When Scott Rufolo received a citation after getting nabbed by a speed camera March 3, he paid the $40 fine right away because he knew he'd been doing 51 mph in a 30-mph zone. But when he received another citation for a violation Aug. 3, he was angry.
The citation listed him as going through the same Connecticut Avenue and East Melrose Street intersection in Chevy Chase on a day when he was home in Greenbrook, N.J.
"My only recourse is to go back to Maryland for a stupid $40 ticket," Rufolo said. "I called them up and said, It's extortion.' What am I going to do?"
Turns out he did not have to return to Maryland.
Chevy Chase Village Police Chief Roy A. Gordon said a human error by an officer had transposed the "3/8" date to "8/3," causing the speed camera to save the images until Aug. 3 and send out a new batch of citations for the earlier offense.
Rufolo's August citation and 40 others were voided after the error was discovered, Gordon said. Nine motorists who paid their fines will receive refunds.
Critics say the error shows one of the problems with the speed camera enforcement program, but supporters say such errors are rare and the police receive few complaints.
Montgomery County launched the speed cameras in March 2007 as a pilot program. Earlier this year, the state approved speed cameras for statewide use.
A class-action lawsuit filed in December 2008 and pending in Montgomery County Circuit Court claims that the county went beyond what the state law allowed by outsourcing the speed ticket program to government contractor ACS, which collects $16.48 from every $40 citation issued.

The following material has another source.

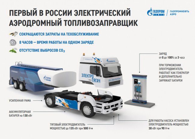 Как подчеркнули в «Газпром нефти», применение электромобиля полностью исключает выброс углекислого газа, а также позволяет на 60 % снизить уровень операционных затрат. При этом «электрический» топливозаправщик уже обслуживает в Шереметьево воздушные суда «Аэрофлота» с «Победой», а также Smartavia с Air Serbia.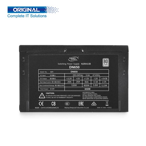 Deepcool DN650 EN 650W 80 Plus Gold Power Supply. The Model is Deepcool DN650 EN. The brand is Deepcool. This Power Supply Capacity is 650W. Its Color is Black. It has no RGB Fan. Deepcool Power Supply supports Intel Form Factor ATX 12V V2.4, Active PFC. Deepcool 650W Power Supply gives Input Voltage 100-240V, Input Current 5A, Input Frequency 47~63Hz, Power Good Signal 650 Watt, MTBF 100,000 hours, Cooling Fan System 120mm Silent Fan. Its ATX 20+4 Pin x 1, CPU 4+4 Pin x 1, PCI-e 6+2 Pin x 2, SATA x 5 4 Pin, Peripheral x 3. The Power Supply Dimensions are 150×140×86mm (W x L x H). Deepcool DN650 EN 650W 80 Plus Power Supply has three years warranty.

"We're finding there's a whole series of errors in the setup and the procedures," said William F. Askinazi of Germantown, who is seeking refunds for all the citations issued in the county since the program began.
The class-action suit, which he expects will be certified by the end of this year, is not over errors but about the initial state law that allowed the county to set up the pilot program, he said.
"The legislature was careful to state no third party should benefit from giving out tickets," Askinazi said. But he has heard of numerous complaints about the citations, he said.
"You're outsourcing law enforcement to a private vendor," Askinazi said.
The cameras are operated in the county as well as Chevy Chase Village and the cities of Rockville and Gaithersburg.
Violators receive a $40 citation, but no points on their license.
The cameras that have resulted in the most citations are located on East West Highway in Silver Spring, Georgia Avenue in Olney and Randolph Road in Wheaton, said Montgomery County Police spokesman Lt. Paul Starks.
"We don't get many complaints," Starks said.
But complaints do surface.
Mel Banks of Silver Spring said he received three $40 tickets within one week after getting caught in Darnestown on Md. Route 28. He discovered one of the cameras was located a short distance from where the speed limit slows from 40 mph to 30 mph.
"I was aware of the lower speed limit and felt I had slowed appropriately," Banks said in an e-mail to The Gazette.
The setup seems like a speed trap, he said. "Unfair enforcement such as this only fuels public resistance to speed cameras," he said.
Gordon said police try to locate the cameras where they are needed to encourage drivers to slow down.
ACLU of Maryland spokeswoman Meredith Curtis said that speed cameras raise a number of issues.
"The larger concern is that people can be watched and tracked as these technologies are developed and linked together," she said.
"It's one part of a larger, big brother effort that can infringe on people's privacy. People don't like them."